The first day of Kwanzaa (Umoja) celebrates unity. In terms of the African community around the world, it was easy for Emru and I to see how this was a global problem and and to also understand the effects of our history and various migrations had on the very current issue of the registries around the world and why it made people of African descent - especially from the Caribbean - so very difficult to match.

It made working with an organization like the African Caribbean Leukaemia Trust a no-brainer. They were committed to helping patients from all over the world. They understood your location was not important.

While unity also meant asking people on a fundamental level to redefine who they thought of as family to illustrate the importance of people within a same or similar ethnicity being the most likely match for another person in that group, it also meant rallying people within that group to come together to help others in need. Unity came in the form of ethnocultural community, a life an death matter in terms of finding a matching donor, but also extended to the unity of offline and online social networks.

I am already wired this way, and it is not spontaneous; it is a learned response over so many years that it feels natural. Emru and I like to help, strive to find answers, and believe in the power of numbers and our potential. We are like this because our parents have inculcated us with a strong sense of who we are, ethics, and belief in our potential and that of others. I believe it for myself, my community, or rather my communities, be it ethnic, cultural, geopolitical, virtual, or intentional.
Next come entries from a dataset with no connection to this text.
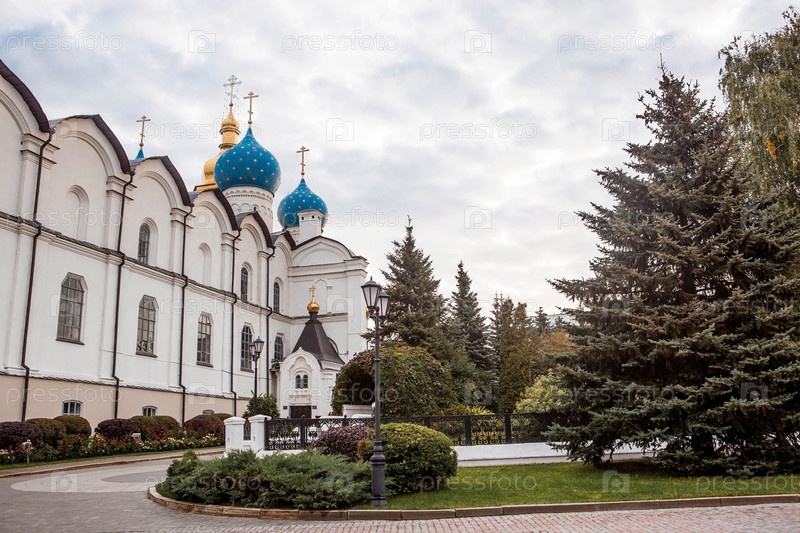 Православная церковь Казанского Кремля на закате. Благовещенский собор на территории Кремля. Республика Татарстан, Казань, сентябрь 2023 г
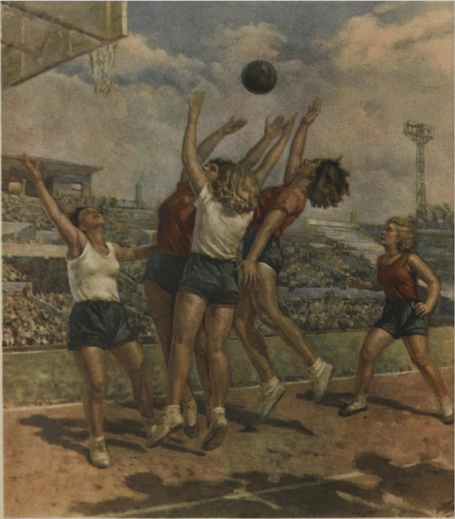 1950. «Бросок по кольцу». Художник Сергей Луппов
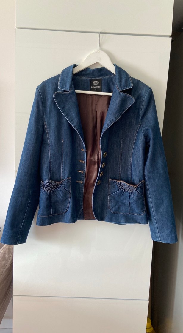 Koyu mavi renkte, düğmeli ve yakalı kadın denim kot ceket. Uzun kollu, normal kesim ve ceplerde detaylı işlemeler bulunur. Ofis kullanımı için uygundur. M/L uygundur Sorunsuz bir iki defa kullanılmıştır Beden değişikliği nedeniyle satışa koyulmuştur iade yoktur Ölçüleri mevcut fotoğraflarda
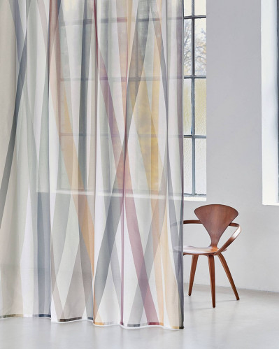 Bold strisce grafiche di diversi colori attraversano il tessuto in onde diagonali verticali e morbide creando interessanti moltiplicazioni cromatiche in cui si sovrappongono ad altri colori.
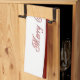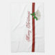 Beautiful Christmas kitchen hand towels with detailed Merry Christmas text in silver and red. A faux red ribbon with white bells and a green bow runs across the design. Very festive Christmas design for your holidays.

Patients and their families united to help each other, and we all put our heads together with friends and strangers to try to find solutions. I asked my friends to register for the European, South Asian, East Asian and multiethnic patients who I knew were waiting for a lifesaving match. They did the same for the African community. Unity is instantly scalable to a global level.

We both knew there is power in many people doing a little (sometimes a lot to cover those who didn't feel the same way) to do big things and help one another. And it paid off, not just for Emru, but for at least two others who needed matches, and hopefully others will be on the registry in the future for someone else in need.

If you seek to help one, you help everyone. We are all in this together.